Just as games have players, natural history collections have users. And like the gamers, the community of researchers is constantly doing things that modify the specimens in the collection. They study them, generate data, publish the data, and in doing so change our understanding of the nature of the specimens. They produce derivative materials – CT scans, laser surface scans, MRI images, X-Ray images, SEM images, molds, casts, and plain old photos. They carry out additional preparation to the physical specimen, removing additional matrix to reveal an obscured feature of a fossil, or clearing and staining a fluid-preserved specimen. All of these, I would argue, are part of the wider definition of the specimen and need to be curated as such. Some of them, such as casts of fossils, are in some ways like the Mods that exist in the gaming world. Like Mods they have a utility that goes beyond the original specimen – they are assigned their own numbers in the catalogs of other institutions and they get studied, loaned, and exhibited as objects in their own right.
We also have the same problems with documentation that exist in the gaming world. Documentation standards have improved and are still improving, but for many specimens we do not have adequate field data, or even records of who prepared them and the methods that they used. And while researchers do publish new information on collections, they are frequently reluctant to share all of their data – an issue covered by another speaker at the meeting, Heather Piwowar. Without easy access to raw data, we are faced with the same gulf that exists between game development documents and the final product – you know what the result is, but not necessarily how the researcher got there and certainly not what insights and alternative approaches were discarded en route.
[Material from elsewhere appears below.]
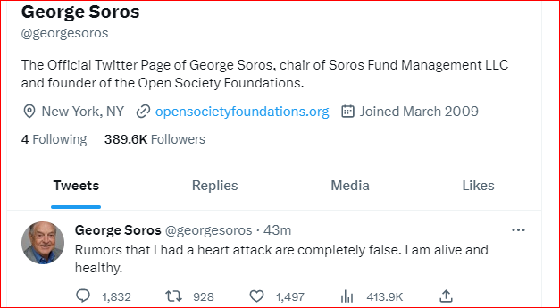 “გავრცელებული ხმები, რომ გულის შეტევა მქონდა, სრული სიცრუეა. ცოცხალი ვარ და კარგად ვარ”, – წერს ჯორჯ სოროსი.

These parallels are important to keep in mind as we push onwards towards the development of a national cyberinfrastructure for biological collections. At the moment, rightly or wrongly, we are fixated on the idea that we are capturing data about our collections and making it more widely available. What struck me on the long haul down I-395 was that we are actually creating a new type of collection – a collection of complex objects, made up of physical and virtual components that may “live” in more than one place. We understand certain aspects of these collections very well, others less well, and there may be emergent properties that we can hardly guess at.
We may have to relearn how we curate these collections. A good start might be to mirror the approach adopted by Megan Winget and her coworkers, who are working with IMLS funding to study the game industry’s creation methods, behaviors, and attitudes. Their idea is that by understanding the process by which these complex objects are created, you can build more meaningful models of preservation and collection. It seems to me that this would be a good place for the natural history collections community to start – and an acknowledgement that we are dealing with something relatively new in our centuries-old profession and that we may need to look for models in surprising places.